洞山禅師と雪峯和尚の間で交された砂と米の問答などですが、(米=善・砂=悪) 修行上 大切に取っておくべきもの(米・善)と、取り除くべきもの(砂・悪) と理解することもでき、洞山の質問を、「悪を調べて善だけ残すのか、 それとも善を調べて悪を捨て去るのか」となります。  この問答の解釈はいろいろ有るようなので機会があったら図書館などで 典座教訓新訳などを読んでみて下さい。

雪峯の答は「善悪というような分別を捨て去ります」とも解釈できますが、 米と砂は等しく命と知っていても、実際の人間である修行者は 米を食べるのであって、砂を食べるのではないという事実を ないがしろにするようでは、雪峯も未だ観念の域を出てはいない、 ということになるでしょうか? 


6:典座の一日の仕事4「仕事の手順と食器類の整理」
仕事の手順 台所の片付き具合「清潔と整理整頓」を説いています。

明日の粥のおかずの野菜も調えておきましょう。  当日の昼食に使用した調理道具をすべて丁寧に洗い、整理整頓しておきましょう。  次に、明日の昼食の準備です。米と野菜から異物を丹念により分けます。  入手できた限りの食材については、量の多少や品質の良悪を言ってはいけません。 そして選り分けている時、典座の元で働いている行者は竈の守護神にお経を唱え 供養をしましょう。

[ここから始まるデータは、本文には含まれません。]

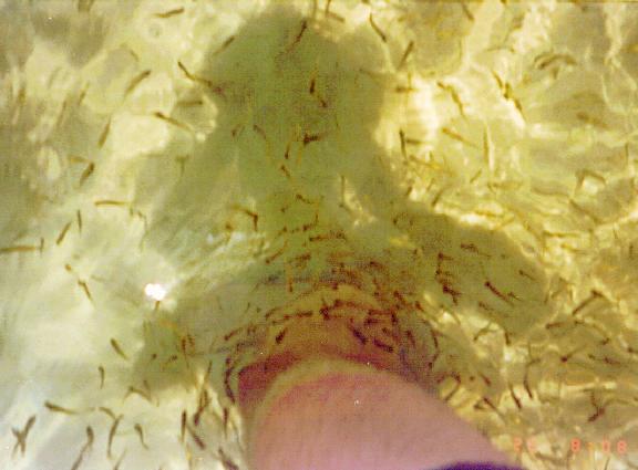 Little fish swimming around my leg

料理人としては質のよい食材を使いたいところですが、しかしいったん 食材を手にしたら、量の多い少ないを論じたり質の良し悪しを批評してはなりません。 ただ誠意をもって調理するだけです。 忌むべきは、顔色を変えて、材料の多少などを話すことです。 心と食材が一体になり精魂こめて典座の職務のなかで精進修行しましょう。


7:典座の一日の仕事5「物を大切に、時間を有効に」
典座は夜半12時以前は自らも修行に専念します。 真夜中零時以降は、頭を切り替えて朝の粥作りの仕度をします。 朝食を作り終えたら鍋などを洗います。 次に昼食のご飯を炊き、汁物を調理しますが、ご飯を炊く時は鍋を自分の頭だと思い、 水を自身の命だと思いましょう。

★ 「飯を蒸す鍋頭を自頭となし、米を淘りて、水はこれ身命なりと知る」

できあがったご飯は、季節に見合った入れ物に移し、飯台の上に置きます。 おかずや汁物の支度とご飯が炊き上がるのが一致すれば上出来です。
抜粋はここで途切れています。